● **Your instructions**
Take the line containing "Oggi il suo" and every line after it to the end of the records, and copy them exactly, leaving out pictures.

[Source data]

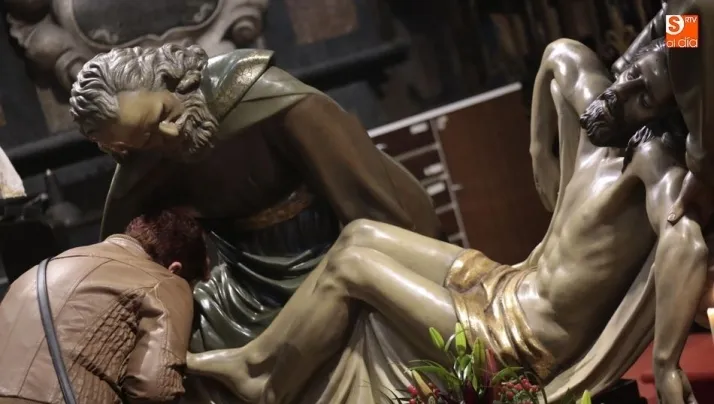 La glesia de San Julián y Santa Basilisa ha acogido el besapiés y una misa solemne -concelebrada por Monseñor Raúl Berzosa, obispo de Ciudad Rodrigo- para finalizar los actos de celebración del 75 aniversario del grupo escultórico del ?Santo Entierro?. Hasta las 20.00 horas de este sábado tiene lugar el besapiés del Cristo esculpido por González Macías delante del altar de la Iglesia de San Julián y Santa Basilisa.
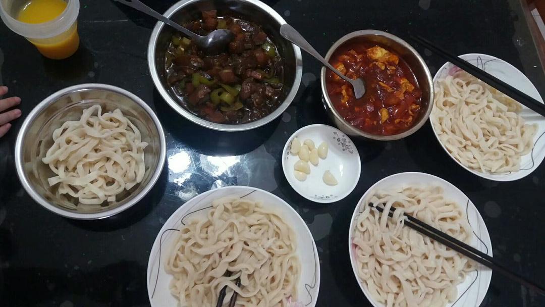 大热天的,吃面条,过水的手擀面,吃着舒服,带劲😍尖椒茄子卤,西红柿鸡蛋卤,北方人吃茄子就得...
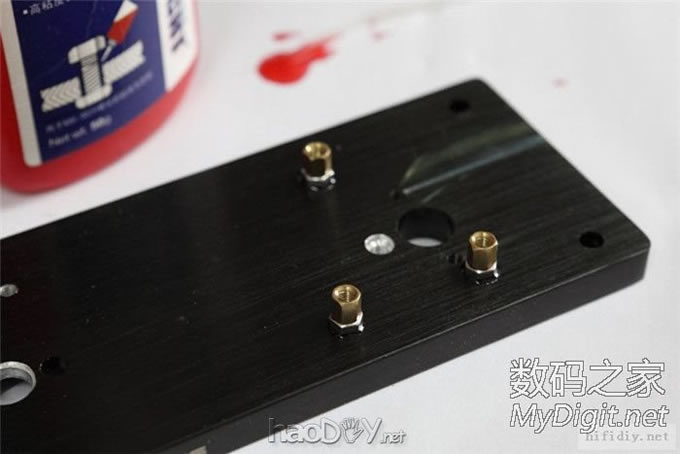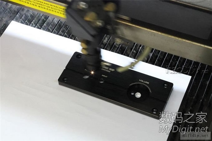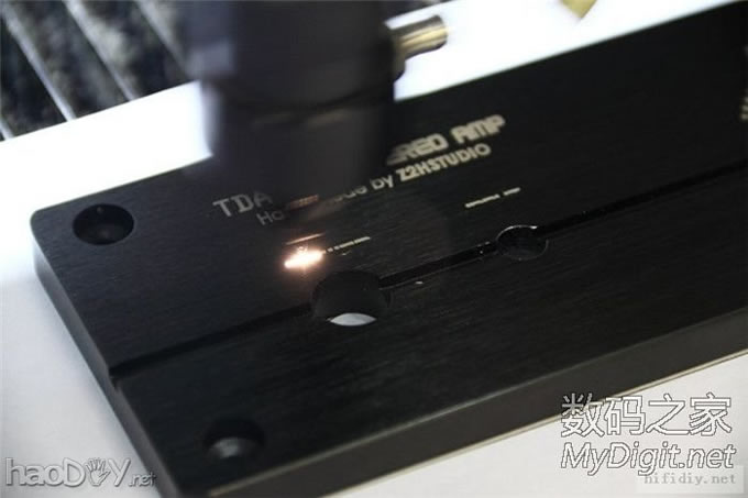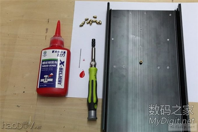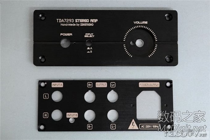 #p#分页标题#e#  原本的喇叭端子尾端的焊接用半圆口被我锯掉了,这才发现,原来所谓的纯铜端子其实是黄铜镀红铜。不知道正品CMC是不是也这样,不过,端子做工还不错,对得起价格。  这是喇叭端子和PCB的连接片,画好形状,用剪刀剪0.5mm铜片做出来的。当然,剪完铜片会卷曲,用锤子敲平,然后用锉刀修下边口毛刺,最后还是扔进蚀刻液里搞成沙金的。  最后焊接在PCB上,正极裸露较长的部分用热缩管做绝缘处理。  下面开始试装机了!用模型上设计的空位出CAD图,然后打印,贴在机箱底板上钻孔。我是先用锤子+丝锥,在孔正中心点个坑。然后用2mm钻头打孔,在用2.5mm钻头扩孔。  由于铝件比较软,拿手钻直接用2.5mm钻孔容易抖动造成孔径偏大,所以用M3丝锥攻丝。手工攻丝时,可以在孔内点一点点食用油帮助润滑。  机箱底板是2mm厚,能买到的六角铜柱螺丝,最短也有5mm。而由于机箱内部高度问题,又不能加垫片垫高。所以套上个螺母,差不多2mm,然后把多余的锯掉。断口用锉打平,把螺母退出来的时候可以当临时板牙,给受损变形的螺纹做修复。最后再稍微修下毛刺即可。  上PCB安装铜柱。多头组合改锥,这个东东我想喜欢折腾的都应该有一套吧~加了点螺纹紧固胶,防止拆装PCB时由于上面螺丝锁的太紧,松开时带动铜柱一起转。  上好铜柱,机箱底部很平整,手摸很光滑 第二次试装,看PCB与铜柱、喇叭端子与连接片之间是否能对齐。  PCB有个别孔稍微有点偏差,用小圆锉稍微修一下解决。安装螺丝用M3内六角,垫了电木垫片。电木片比较有弹性,可以锁的比较紧。   喇叭端子与连接片。上面两个正极端子用2mm的ABS塑料板做了两个垫片,这样上下两组的螺母就不在一个平面上了,方便在狭小的空间里把螺母上紧。  这是第一版设计的电源开关电路。(有的朋友会问为什么搞这么复杂?其实我也想简单,可惜为了放下更大的牛,把开关的位置给占了)第一版用的是一个线圈为AC230V的继电器,想直接用小开关来控制。后来还特意发帖向论坛求助是否有问题,得到了大家的很多帮助。   图左:给手动音源切换那一套用的,图右加了继电器控制开关,高压部分用高温胶带贴了一下。 面板安装孔。还是用设计图贴在上面,定位。钻孔时先钻个坑,然后把纸揭掉继续钻。面板是8mm厚,慢慢钻到6-7mm深,不能着急,一下钻透了就惨了。(如果有台钻就看刻度走,准确度高)  盲孔攻丝,最好用这种3只一套的。头头锥先攻出引导纹路,在用第三锥把最里面的螺纹攻出来。这样有效螺纹会更深。(一般不用二锥,直接用三锥。仔细看锥头的形状区别)  这回好,忘了买8mm铜柱,只好用螺母垫成7mm的,也还可以。上好紧固胶。  另一套的面板。多开了一个按钮的孔,而且还得把开关卧进去,就钻成这样了。(孔内壁没法发黑处理,就用黑马克笔涂一下,虽然颜色有点区别,但也还可以)  齿轮箱装好,转动的手感还不错。  前后面板的标识文字,在AI里进行设计。把面板上原来的丝印文字用稀料擦掉,然后进激光雕刻机雕刻画好的文件。  面板雕刻。(激光雕刻只适用于有色铝氧化表面,雕完是黄白色氧化铝的颜色,不太适合银色铝本色面板雕刻)  自编码,包括之前做的一台,这是第二和第三台。(其实这块手忙脚乱中雕错面了。)   其中一套完成品。  电位器延长杆没买现成的,因为一直觉得金属杆从牛旁边过会有感应。期间找了ABS棒,亚克力棒,都觉得它们在导热块后面穿过,烤时间长了容易变脆,而且两者的刚性差,转动会有扭动形变。最后找了根碳纤管,是鱼竿上的一节,刚性很好。然后请同事焊了两个黄铜连接件。   零件基本齐全了,开始最后的装配。 通电开声。用了个20W,双AC12V的小牛做测试,接上炮灰音箱,音源是电脑。这时的保护电路未通电,手动闭合继电器。(先放上音乐,然后轻点一下开关,通电时间0.X秒,如果电路没问题,喇叭就应该直接出声了,电容的余电还能让它再响几秒)确认各元件无异常后,就可以延长通电时间了。用这个小牛带着听了半天,导热块只是有点温,低电压的发热相当小。此时中点为0mV和0.1mV,电位器关到底无噪音无嗡声,断开输入电位器开到头有一丁点丝丝的热噪。  买这种继电器的好处就是带手动闭合开关。(主滤波的顶部离机箱盖只有3mm,而且新批次没绝缘帽,为了安全起见,用高温胶带贴了一下)  定制的四线AC26V+单AC16V的牛,150W。(功率偏小,但是这种机箱也放不下更大的牛了,除非分体)原带的线很长,果断剪短,然后压接插头。  每根线分成两股,热缩管分别套好,这是为了增大过流能力,也算冗余设计吧。
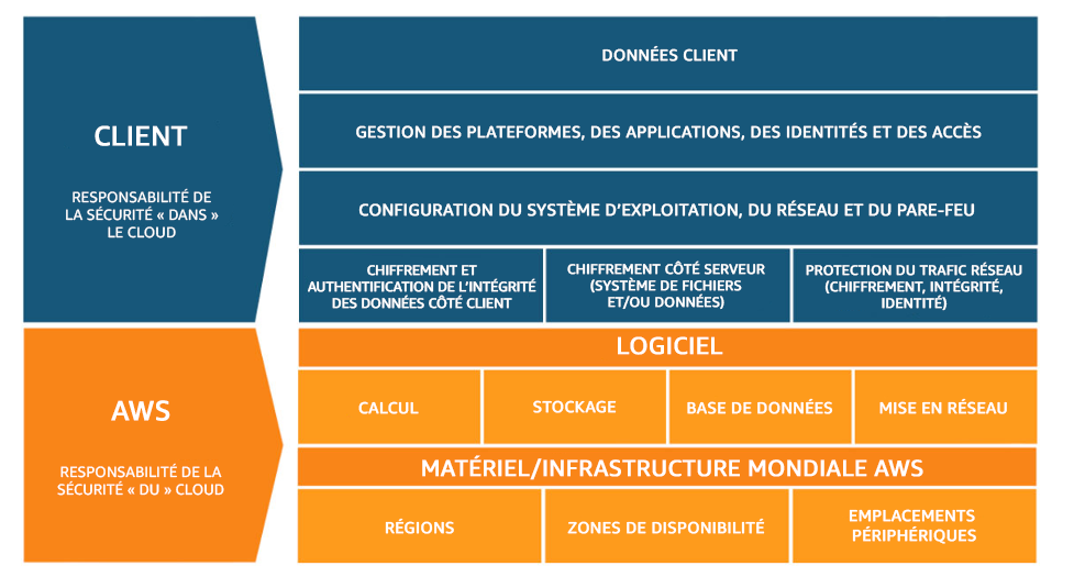 Avant toute chose, il est important de comprendre le concept de responsabilité partagée. La sécurité et la conformité sont une responsabilité partagée entre AWS et le client.
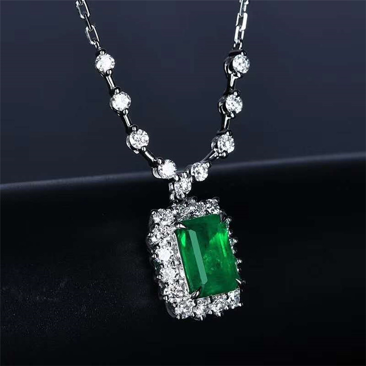 SGARIT luxurious lady party jewelry gemstone choker 18k gold 1.42ct vivid green natural emerald pendant necklace
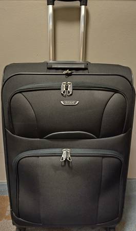 used once spinner trolley luggage pullman with side and telescopic handles , padded shoulder strap , carry handle and three large horizontally-aligned wheels measuring thirty inches high, nineteen...
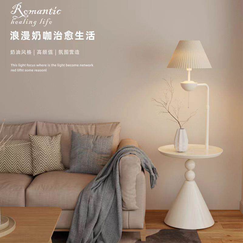 📚 奶油落地灯客厅沙发旁边置物架摆件氛围床头柜卧室一体台灯
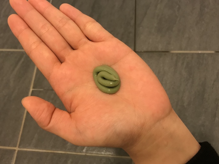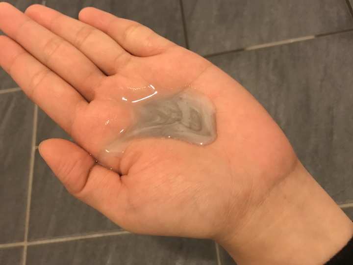 因為是添加布列塔尼海泥成分,所以擠出來有海泥的顏色。而且一打開瓶蓋就可以聞到香香的玫瑰味♡
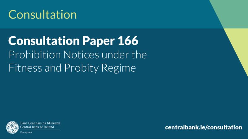 The Central Bank of Ireland has launched a consultation on the ‘Prohibition Notices under the Fitness and Probity Regime’, CP-166. The consultation will be open until Wednesday, 25th March 2026.
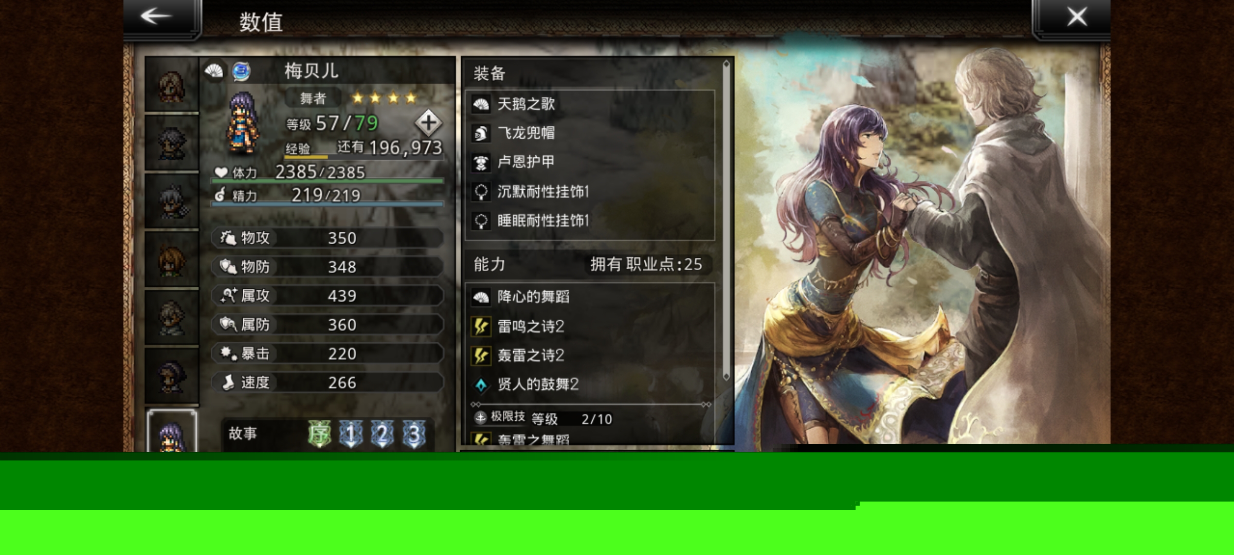 梅贝尔:+15属攻防,-10群属防,增益延长减益缩短五星舞女下位
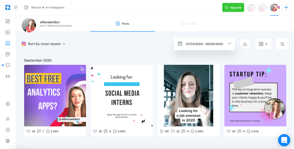 I’ve used this app for almost 2 years! And I like it because it’s a compact/minimal version of what you get on Iconosquare. The charts are less beautiful, but still quite valuable. The only downside (for me) is that the charts come with strong watermarks and cannot be used in professional reports.
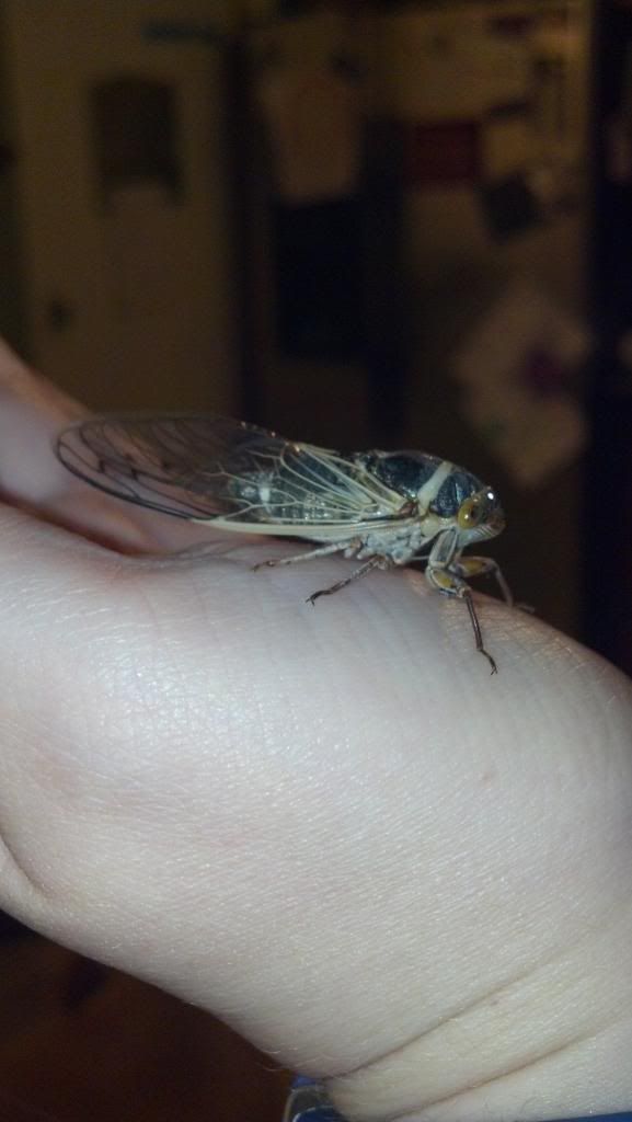 Caught this guy in my mom's yard yesterday. He was buzzing around in the pine tree trying to find a spot to land, and he ended up just dropping down in the grass. So I picked him up and he let me hold him long enough for my mom to snap a few pics with her phone. He flew back into the tree after. I love cicadas, their wings look like faerie wings. :D
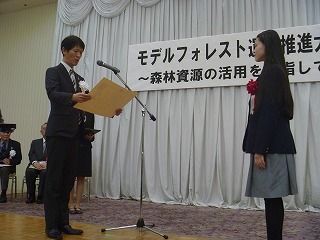 2月5日、北野中学校3年生女子が『平成28年度愛鳥週間用原画ポスターコンクール』に於いて環境大臣賞の授賞式がルビノ京都堀川で行われました。授賞式は『モデルフォレスト運動推進大会』の中で行われました。環境大臣賞は全国の中学生で1名だけの受賞です。
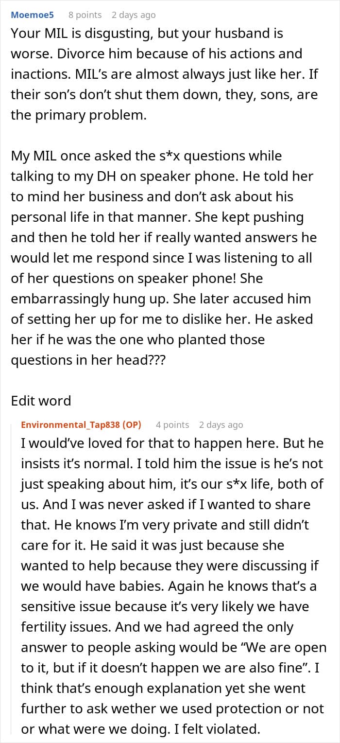 This woman’s mother-in-law asked invasive questions about her intimate life, and her husband defended it
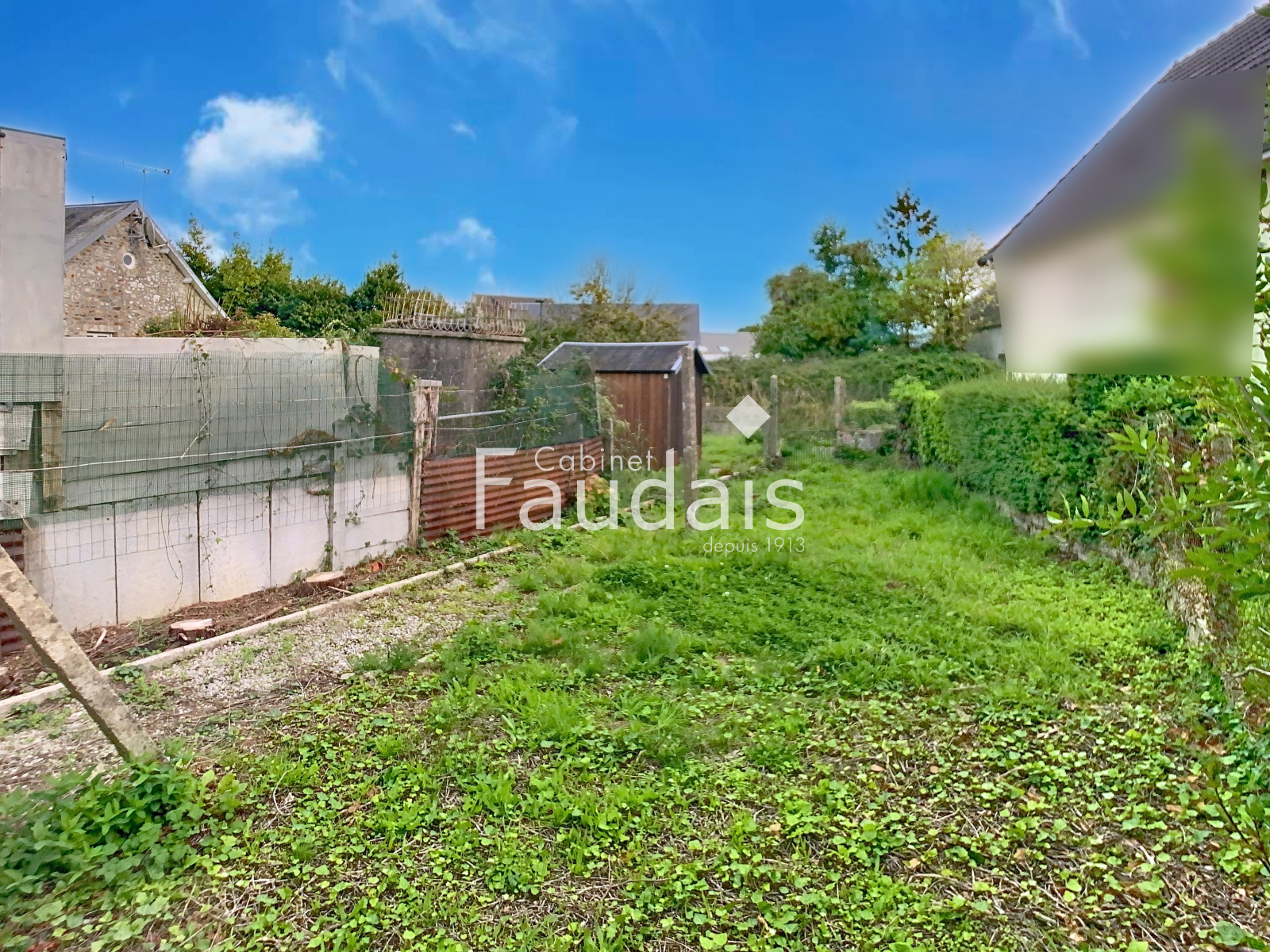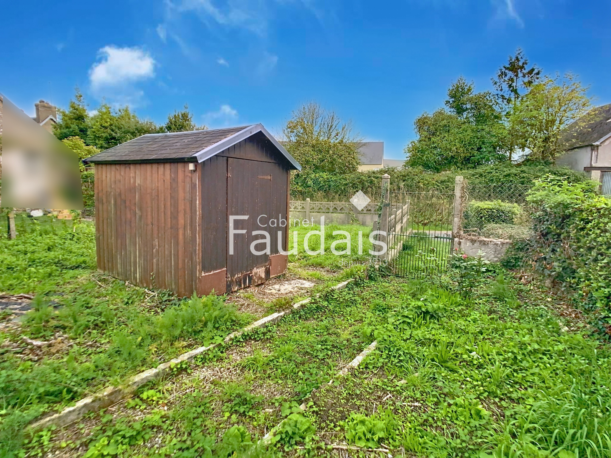 Terrain à l'arrière de la maison pour une contenance de 307 m² avec abris de jardin et terrasse.
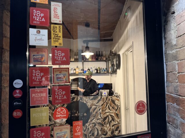 Oggi il suo lavoro raccoglie entusiasmo e attenzione: il flusso di clienti è continuo, con liste d’attesa che durano settimane, soprattutto nel weekend, considerata la dimensione contenuta della pizzeria – circa 30 coperti, parte dei quali occupati dal banco e dal forno. Ciò che emerge con forza è la sua conoscenza delle preparazioni di cucina e dei topping: creazioni che non stancano e sorprendendo per gusto e armonia.
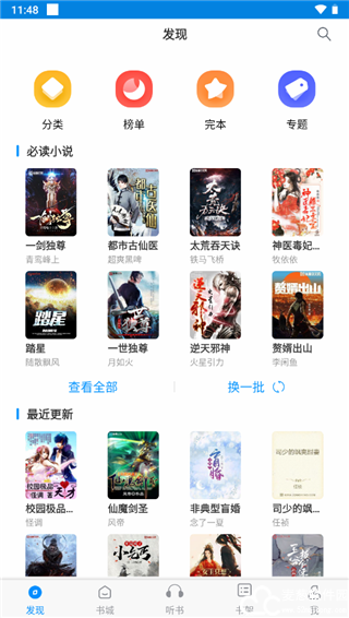 1、进入软件界面,发现功能会自动为用户推荐热门小说,顶部为用户提供了四个功能,分类,将所有的小说资源根据其类型进行了细致的划分,榜单,以热搜,新书,完结等进行排名得出的排行榜,完本,提供以完本的小说,专题,根据小说的版块为玩家推荐相关的小说

● **Your solution**
 Oggi il suo lavoro raccoglie entusiasmo e attenzione: il flusso di clienti è continuo, con liste d’attesa che durano settimane, soprattutto nel weekend, considerata la dimensione contenuta della pizzeria – circa 30 coperti, parte dei quali occupati dal banco e dal forno. Ciò che emerge con forza è la sua conoscenza delle preparazioni di cucina e dei topping: creazioni che non stancano e sorprendendo per gusto e armonia.
 1、进入软件界面,发现功能会自动为用户推荐热门小说,顶部为用户提供了四个功能,分类,将所有的小说资源根据其类型进行了细致的划分,榜单,以热搜,新书,完结等进行排名得出的排行榜,完本,提供以完本的小说,专题,根据小说的版块为玩家推荐相关的小说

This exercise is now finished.